In its newsletter, the National Education Associationaddressed air conditioning concerns. In the newsletter, Joseph G. Allen, director of Harvard University's Healthy Buildings Program, said it is "unthinkable" that schools need to close due to heat.
"We’ve been in the sick building era for over 40 years, and we've neglected our school building," he said in the NEA's newsletter. "It’s just something we’ve tolerated, and I’m not sure why. We know that good ventilation and filtration are key to student health, student thinking, and student performance, and yet closing schools has become our new reality."
A 2020 report from the Government Accountability Office found that over 40% of schools need new or replacement HVAC systems. The GAO noted that "without air conditioning, schools relied on open windows and fans, which were not always effective at cooling buildings to safe temperatures for students and staff."

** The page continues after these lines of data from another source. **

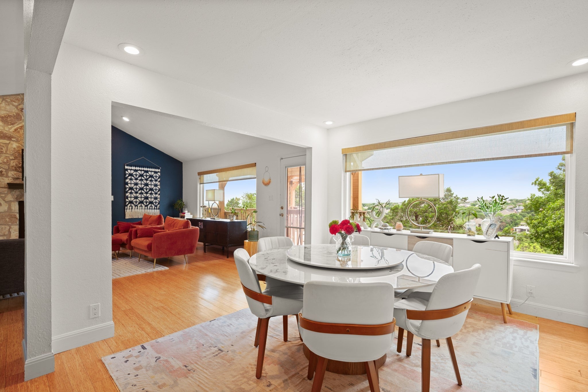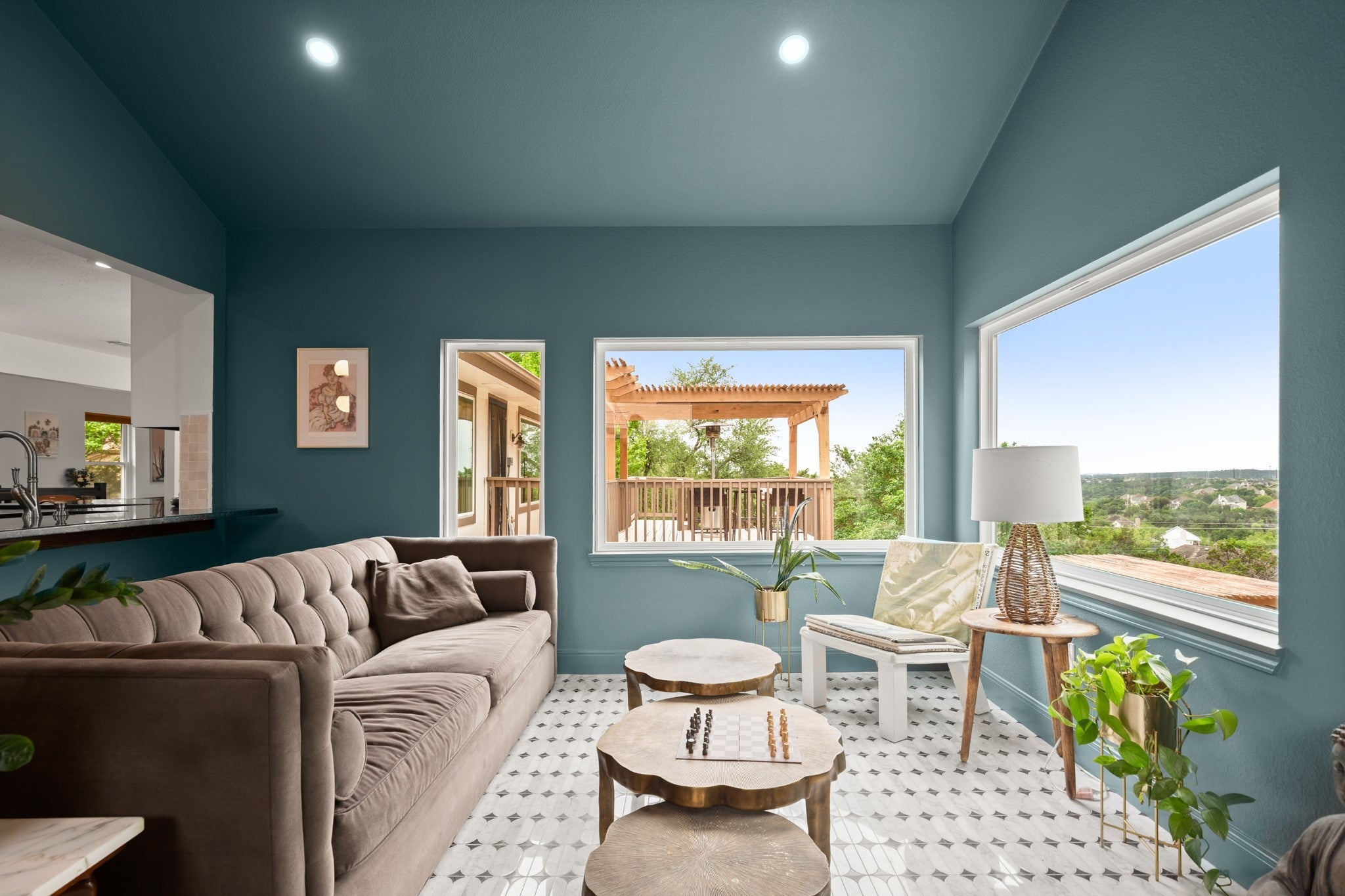 Prime Property with Spectacular Panoramic Hill Country Views, Sparkling Pool, Hot Tub, located in the Heart of North Austin! This home is situated on a Premium Lot, in a semi-Cul-De-Sac with over 100K in recent upgrades. Home has a Unique Layout, offers tons of Natural Light, Large Windows throughout, Large Vaulted Ceilings in Living & in Sunroom, Bamboo & Marble flooring throughout main areas. 4th Bedroom/Flex Space includes Projector & Giant Screen for watching movies. Open Kitchen with Large Island, Granite Countertops, and Mini-Fridge. Recent Upgrades include: Wainscotting in Foyer Entry, new Marble Flooring & Wallpaper, new Marble Floors throughout kitchen & Sunroom, New Windows in Sunroom. Newly Painted Kitchen Cabinets & Tiled Backsplash, New Mini-Split A/C in Garage offers additional living space, New Exterior & Interior Paint throughout entire home. Beautiful Private Backyard with 2 Pergolas, Upper Deck, Saltwater Pool with Fountain, Hot Tub, Outdoor Shower, Giant Lanai Space for Entertaining, Wooded Lot with Mature Trees & Privacy, Land for building additions, Fenced Yard, Sprinkler System, Large Storage Shed with Shelves. Highly Rated Austin ISD Schools. Minutes to Arboretum and Domain with easy access to shopping, dining, and everyday conveniences. 13 miles to Downtown Austin.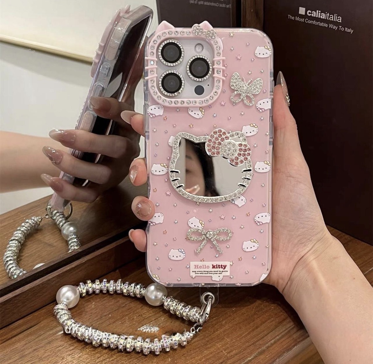 Hello Kitty Mirror Case with Charm In Silicon Material – iPhone 17 Pro
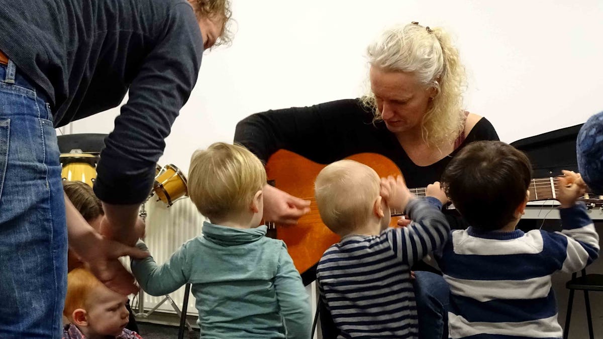 Martine neemt haar gitaar mee. Samen met de peuters maakt zij er een muzikaal feestje van. Het plezier tussen (groot)ouder/verzorger en kind staat voorop.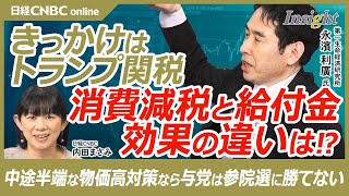 【消費減税と給付金、効果の違いと財源を解説│永濱利廣氏】トランプ関税機に物価高対策に批判/財政改善はインフレ…家計は苦しい、円安も要因/野党・立民や維新は食料品の非課税化案/与党・自民石破首相の判断は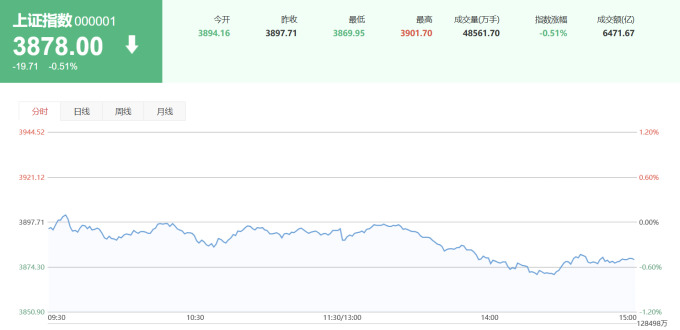 상하이종합지수 3878.00(-19.71, -0.51%)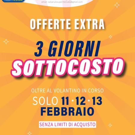SUPERMERCATO SALZARULO – Dove tutto costa meno – 3 GIORNI DI SOTTOCOSTO – OLTRE AL VOLANTINO IN CORSO – SOLO 11- 12- 13 FEBBRAIO 2026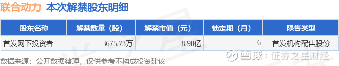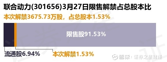 证券之星消息,根据市场公开信息整理,联合动力(301656)于3月27日将有3675.73万股限售股份解禁,为公司首发机构配售股份,占公司总股本1.53%。(本次数据根据历史公告整理得出,实际情况以上市公司最新公告为准)本次解禁后,公司还有22.01亿股限售股份,占总股本91.53%。具体如下图所示: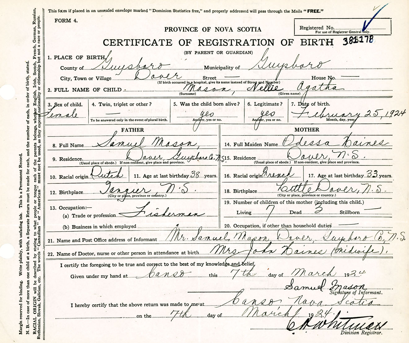 Female Birth Registration: Year: 1924 number: 38100178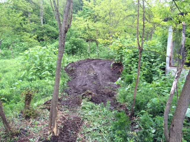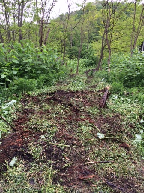 画像地点が唯一の候補地 強烈な斜面だが何もない事を願って、道を拓く作戦の開始である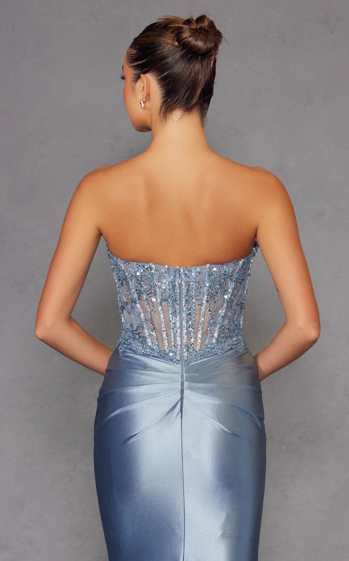 Step into the spotlight with the Juliet JT2530K, a show-stopping strapless gown that commands attention. The sheer corset bodice sparkles with intricate beadwork, while the luxurious satin skirt hugs your curves before gracefully flowing outward at the hem. Perfect for galas, formal events, and unforgettable nights, this dress lets you radiate confidence and elegance with every step.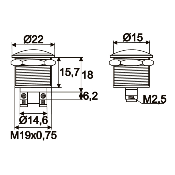 Kapcsoló típusa: SPST Áramerősség: 2 A - 250 V AC Beépítési mélység: 24,2 mm Beépítési méret: M19 x 0,75 Csatlakozó méret: 6,2 mm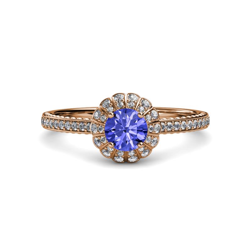 7/8 ctw Round Tanzanite and Diamond Floral Halo Engagement Ring 14K Rose Gold More Details ...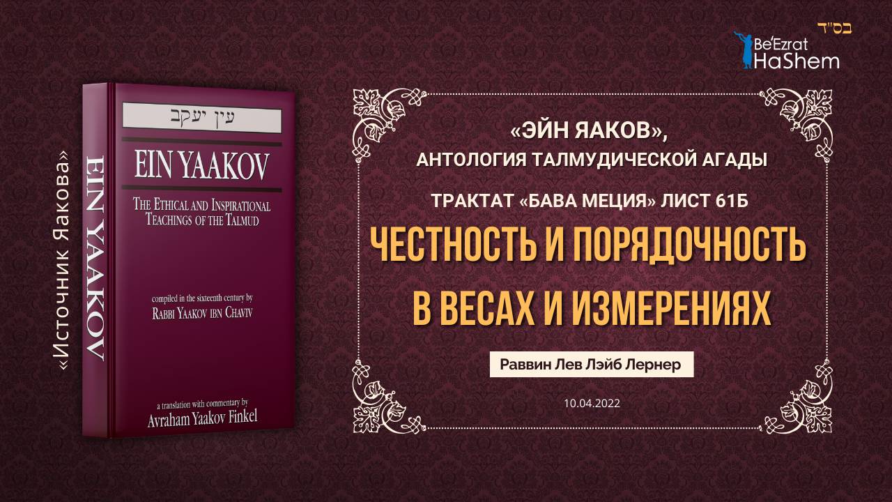 «Эйн Яаков» | Честность и Порядочность в Весах и Измерениях | Рабби Лев Лэйб Лернер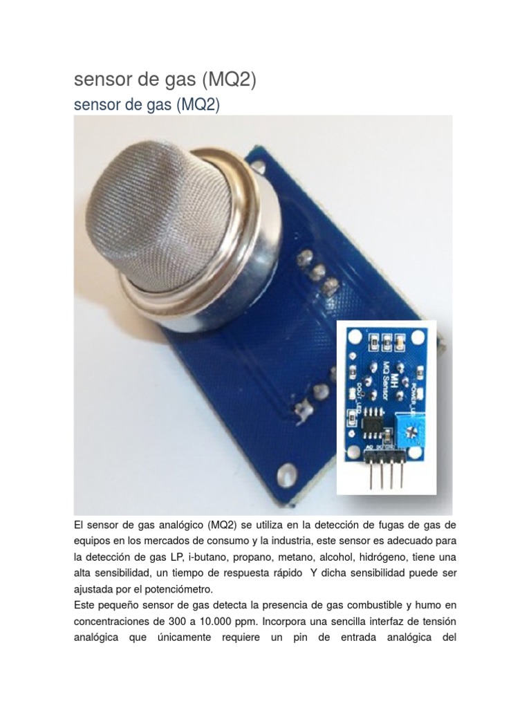 El sensor de gas analgico (MQ2) se utiliza en la deteccin de fugas de gas de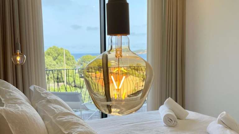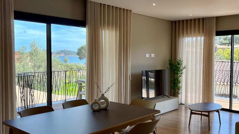 Die klimatisierten Zimmer sind mit Parkettböden ausgestattet und bieten ein eigenes Badezimmer. Zu den Annehmlichkeiten zählen ein Flachbild-TV, ein Kleiderschrank, eine ausgestattete Küche mit Kühlschrank, Ofen, Mikrowelle, Kaffeemaschine und Wasserkocher sowie eine Terrasse mit Meerblick.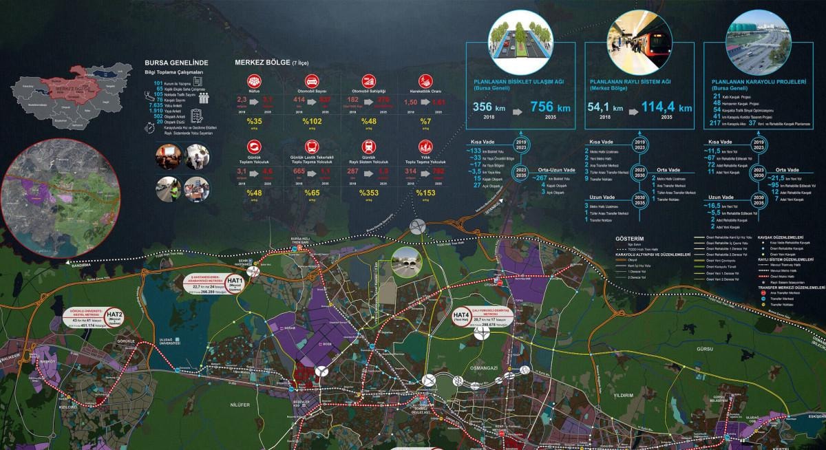 Tabi birbirine bağlantı yollarıyla beraber Bursa trafiği artık üçe bölünecek. Dolayısıyla en basit tabirle trafik yükümüz yaklaşık 3 kat hafiflemiş olacak. 30-40 senedir konuşulan Güney Çevre Yolu’nun üzerine ilave Kuzey Çevre Yolu da inşallah hayat bulmuş olacak. Bu oluşturduğumuz iki koridorun sağladığı rahatlığa ilave olarak Ulaştırma ve Altyapı Bakanlığı’mız tarafından yapılacak Kuzey Otoyolu Bursa trafiğini rahatlatmada önemli bir rol üstlenecek. İstanbul-İzmir Otobanının Ovaakça-Badırga kesimi kuzeye alınarak yeni bir otoyol güzergahı oluşturulacak. Hali hazırda kullanılan otoyolun Çevre Yolu olarak Bursa şehir içi trafiğine hizmet vermesi sağlanacak. Yol, Büyükşehir Belediyesi’ne devredilecek. Böylece bu güzergâha yapılacak olan bağlantı yollarıyla beraber şehir içi trafiğinde önemli ölçüde rahatlama ve alternatifler oluşacak. Oluşturduğumuz bu yol ağının maksimum verimlilikte çalışması için köprü, kavşak ve bağlantı yolları projelerimizi de hazırladık. Bunlar, Mudanya Yolu-Şehir Hastanesi arası bağlantı yolu ve kavşak düzenlemeleri, Bademli Bulvarı, Geçit Köprüsü genişletme, Ata Bulvarı üzerine iki kavşak, Görükle Köprülü Kavşağı, İhsaniye-Yeni Karaman bağlantı köprüsü, Orhaneli Yolu’na iki kavşak ve Botanik Park Kavşağı. Otopark kapasitesini farklı alanlarda yapacağımız toplamda 50 bin araçlık otopark yatırımıyla üst seviyeye taşıyoruz.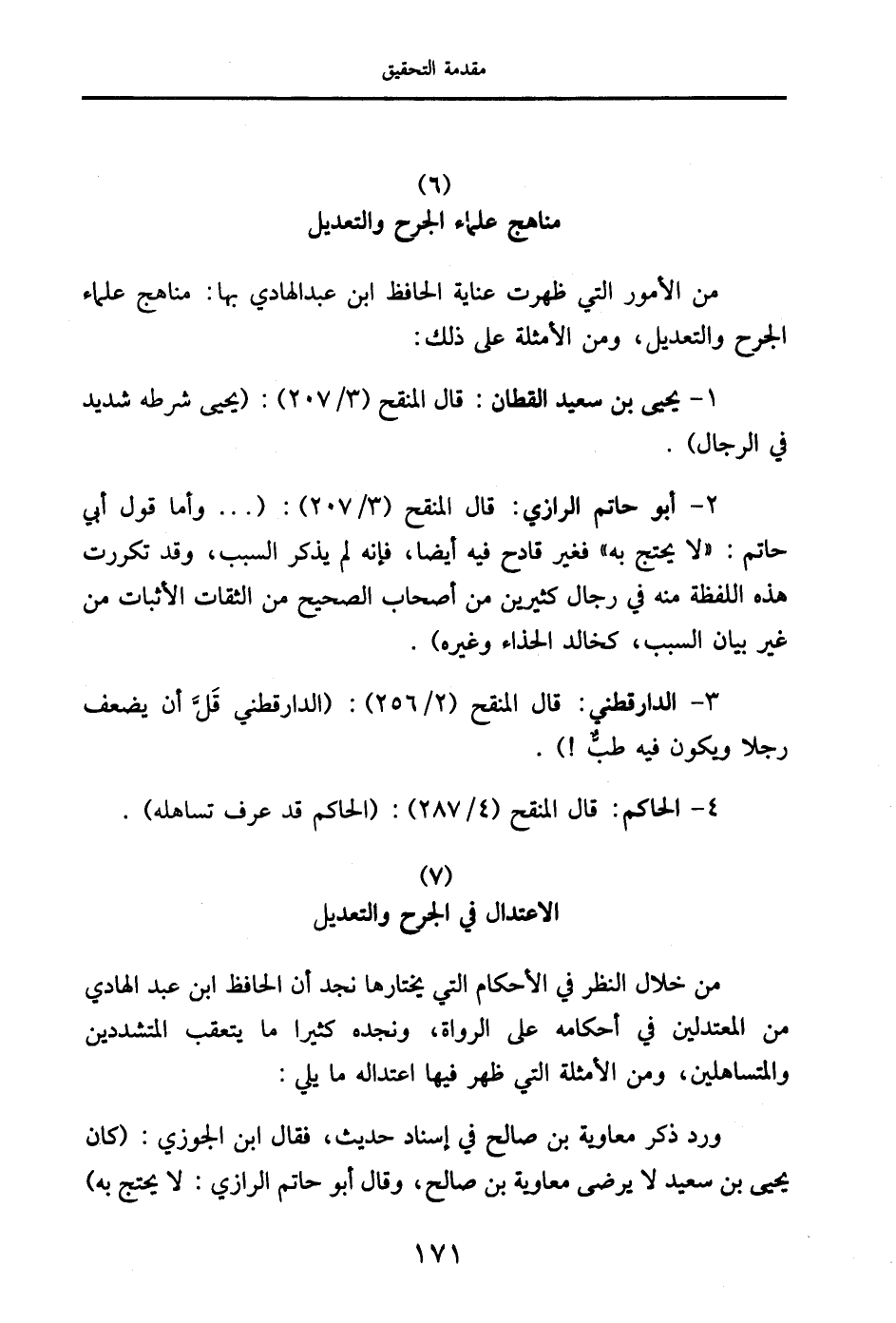 من الأمور التي ظهرت عناية الحافظ ابن عبد الهادي بها: مناهج علماء الجرح والتعديل، ومن الأمثلة على ذلك: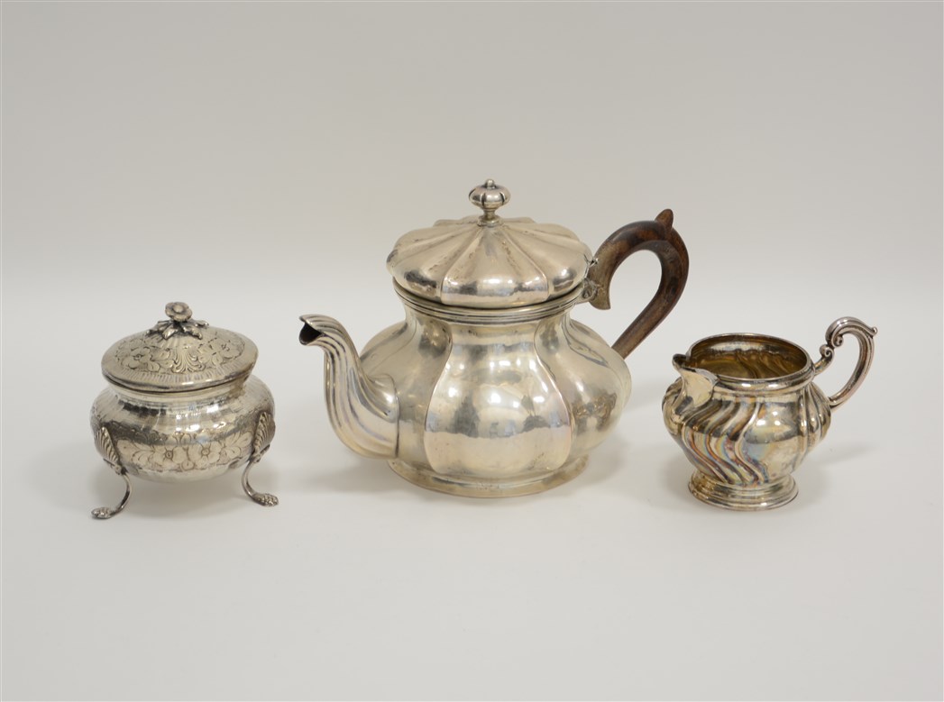 Lotto composto da un teiera, una zuccheriera ed una lattiera in argento (g lordi 920 ca.) (difetti)

With schools closing during extreme heat, the burden to keep kids safe during the day shifts from schools to parents. In Michigan, schools closed on Friday due to heat. After a three-day weekend, parents are once again trying to figure out child care.
"They were off on Friday as well. I wasn't ready for that so that was a surprise," Aubrielle Kituuma, whose children attend the Southfield Public School District in Michigan,told Scripps News Detroit. "So now we go from Friday to Monday and now Tuesday so it definitely requires some extra planning to accommodate that."